[Items from a dataset]
•••

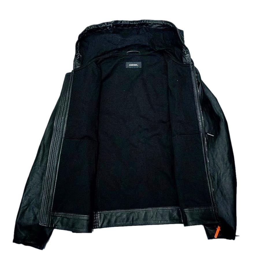 送料無料 超美品 ディーゼル DIESEL レザージャケット パーカー ブルゾン アウター シープスキン 羊革 XL 黒 メンズ
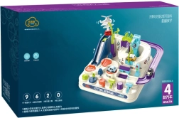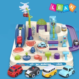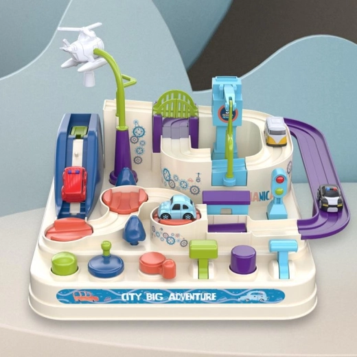 Sættet indeholder en farverig forhindringsbane med omhyggeligt design, som sikrer maksimal sjov og stimulerer barnets fantasi. Med fire små biler kan barnet overvinde forskellige forhindringer som rutsjebaner og broer. Brug af de særlige knapper og drejeknapper placeret på basen bidrager til at udvikle logisk tænkning og finmotorik.
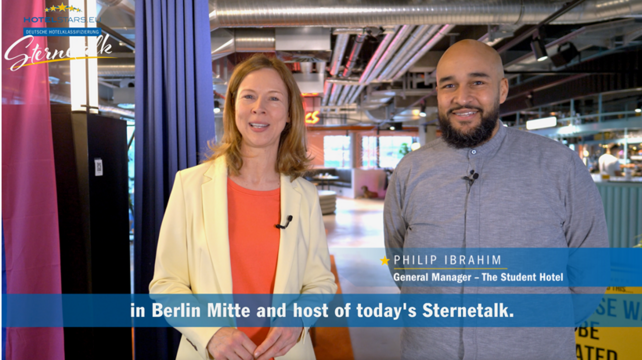 Als neuestes Marketinginstrument wurde der der von der Deutschen Hotelklassifizierung entwickelte „Sternetalk“ am Beispiel des aktuellen, vierten Interviews der Serie mit Philipp Ibrahim, General Manager des The Student Hotel in Berlin vorgestellt. „Durch die Internationalisierung mit beispielsweise englischen Untertiteln steht die innovative Interviewreihe aus Deutschland künftig allen Mitgliedsländern zur Verfügung“, berichtet der HSU-Präsident. Diese könnten auf ein eingespieltes Team und die Erfahrung aus bereits sieben gedrehten Sternetalk-Serien zurückgreifen und so im „Copy-and-Paste“-Verfahren eigene attraktive Imagefilme aus ihren Mitgliedsbetrieben einfach und effizient produzieren. „Mit unserem Sternetalk-Format wollen wir Hoteliers Lust auf die Hotelklassifizierung als zeitgemäßes attraktives Marketinginstrument machen und zeigen auf, dass die Hotelklassifizierung mit ihren stetig fortentwickelten Kriterien ausdrücklich auch offen ist für moderne Hotels mit ungewöhnlichen Konzepten“.
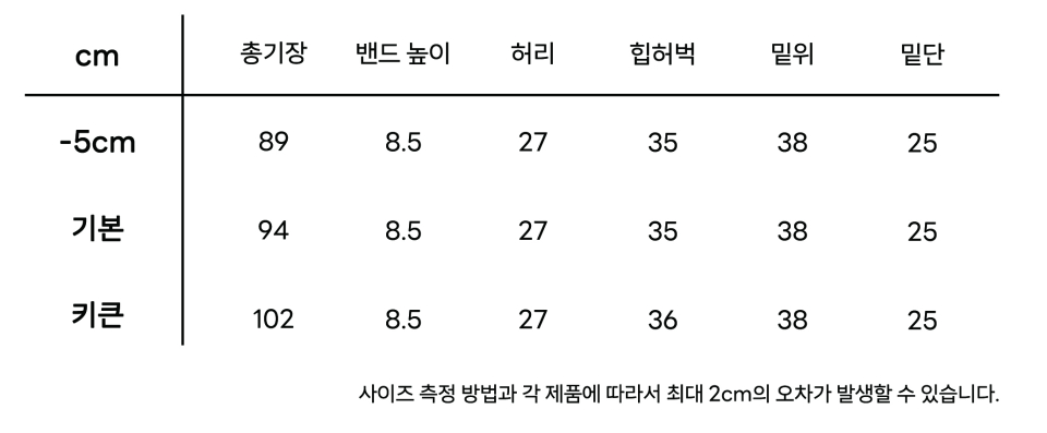 | 핏 | 스키니 | 슬림 | 레귤러 | 루즈 | 오버 사이즈 |
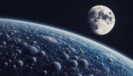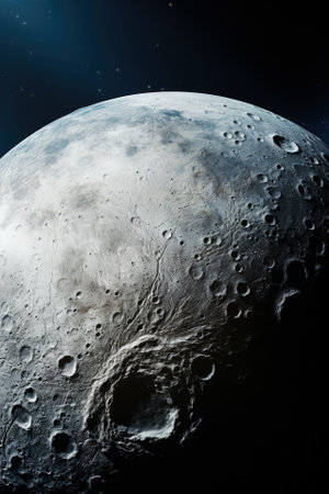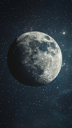 Detailed close-up of a full moon glowing brightly in a clear night sky, surrounded by sparkling stars, capturing the serene beauty of the lunar landscape and the cosmos.
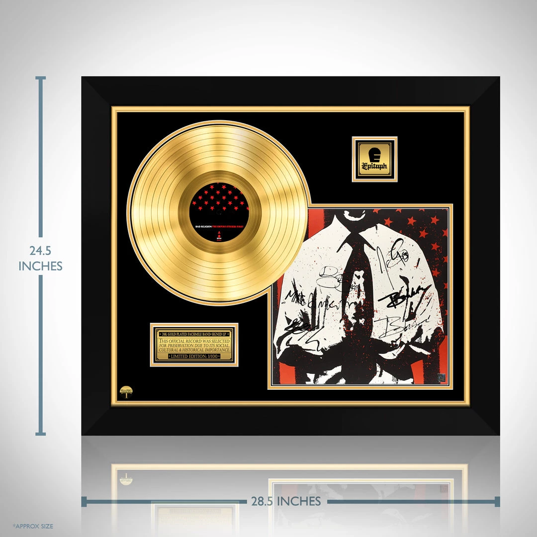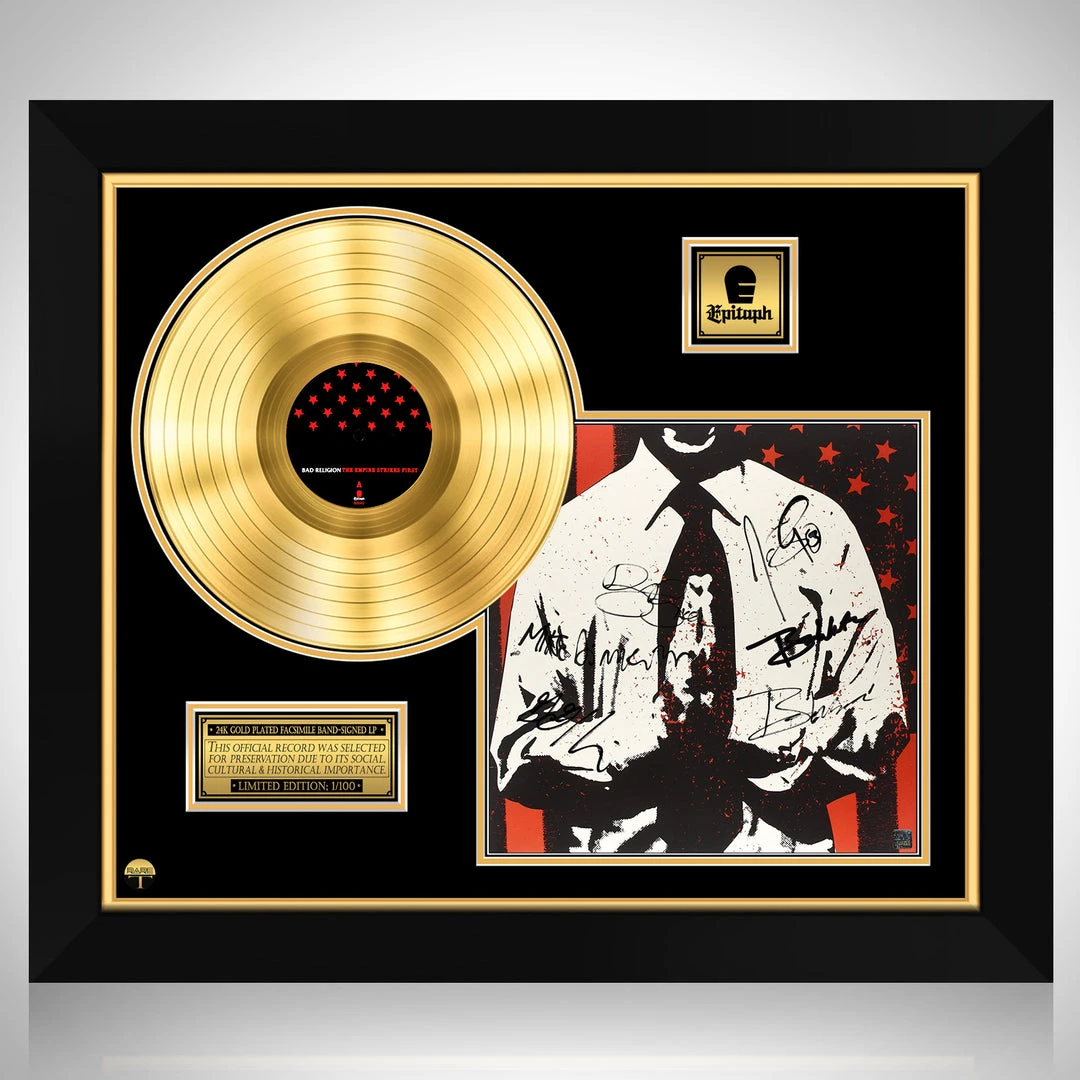 Pay homage to one of the most iconic American punk rock band of all time Bad Religion , with this gallery-framed, authentic Epitaph Records fully licensed facsimile of the official Hand-Signed 24K Gold LP Record and LP Cover The Empire Strikes First Originally signed by Greg Graffin, Greg Hetson, Brian Baker, Brett Gurewitz, Brooks Wackerman & Jay Bentley , of which is strictly limited to 100 units Worldwide and has been approved and numbered accordingly.
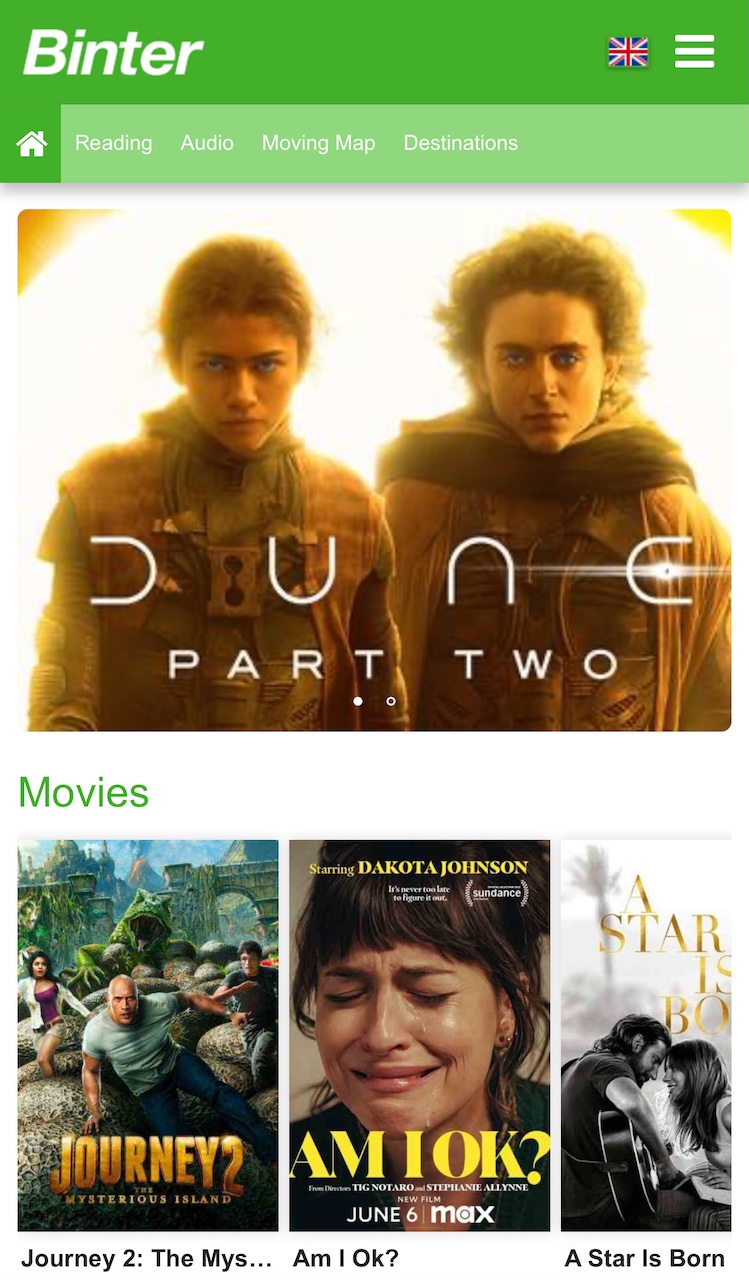 Während des Fluges kann man auch die aktuelle Position verfolgen und weitere Infos über die Airline abrufen. Binter bietet auch ein Bordmagazin an.
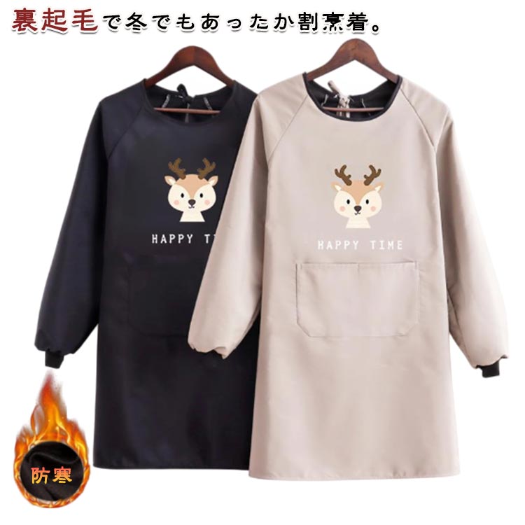 暖かい割烹着 おしゃれ 裏起毛 かっぽう着 レディース 撥水 冬用 秋冬 長袖 ロング丈 スモック エプロン 防寒 袖口リブ チュニック 保育士 家事用 かっぽうぎ 寒さ対策 袖カバー 腕カ 節電対策
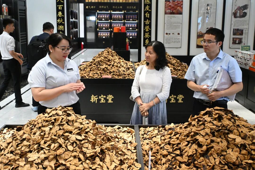 学校一行还实地参观了新宝堂的产品展示区与生产现场,近距离了解陈皮从原料到成品的加工流程与品质控制体系,对其深耕陈皮产业、坚持创新发展的企业理念表示赞赏。

•••

■ Problem statement:
Quote word for word only the lines above from the one containing "Sættet indeholder en" through the one containing "루즈 | 오버 사이즈 |". Pictures stay out of your copy.

■ Task answer:
 Sættet indeholder en farverig forhindringsbane med omhyggeligt design, som sikrer maksimal sjov og stimulerer barnets fantasi. Med fire små biler kan barnet overvinde forskellige forhindringer som rutsjebaner og broer. Brug af de særlige knapper og drejeknapper placeret på basen bidrager til at udvikle logisk tænkning og finmotorik.
 Als neuestes Marketinginstrument wurde der der von der Deutschen Hotelklassifizierung entwickelte „Sternetalk“ am Beispiel des aktuellen, vierten Interviews der Serie mit Philipp Ibrahim, General Manager des The Student Hotel in Berlin vorgestellt. „Durch die Internationalisierung mit beispielsweise englischen Untertiteln steht die innovative Interviewreihe aus Deutschland künftig allen Mitgliedsländern zur Verfügung“, berichtet der HSU-Präsident. Diese könnten auf ein eingespieltes Team und die Erfahrung aus bereits sieben gedrehten Sternetalk-Serien zurückgreifen und so im „Copy-and-Paste“-Verfahren eigene attraktive Imagefilme aus ihren Mitgliedsbetrieben einfach und effizient produzieren. „Mit unserem Sternetalk-Format wollen wir Hoteliers Lust auf die Hotelklassifizierung als zeitgemäßes attraktives Marketinginstrument machen und zeigen auf, dass die Hotelklassifizierung mit ihren stetig fortentwickelten Kriterien ausdrücklich auch offen ist für moderne Hotels mit ungewöhnlichen Konzepten“.
 | 핏 | 스키니 | 슬림 | 레귤러 | 루즈 | 오버 사이즈 |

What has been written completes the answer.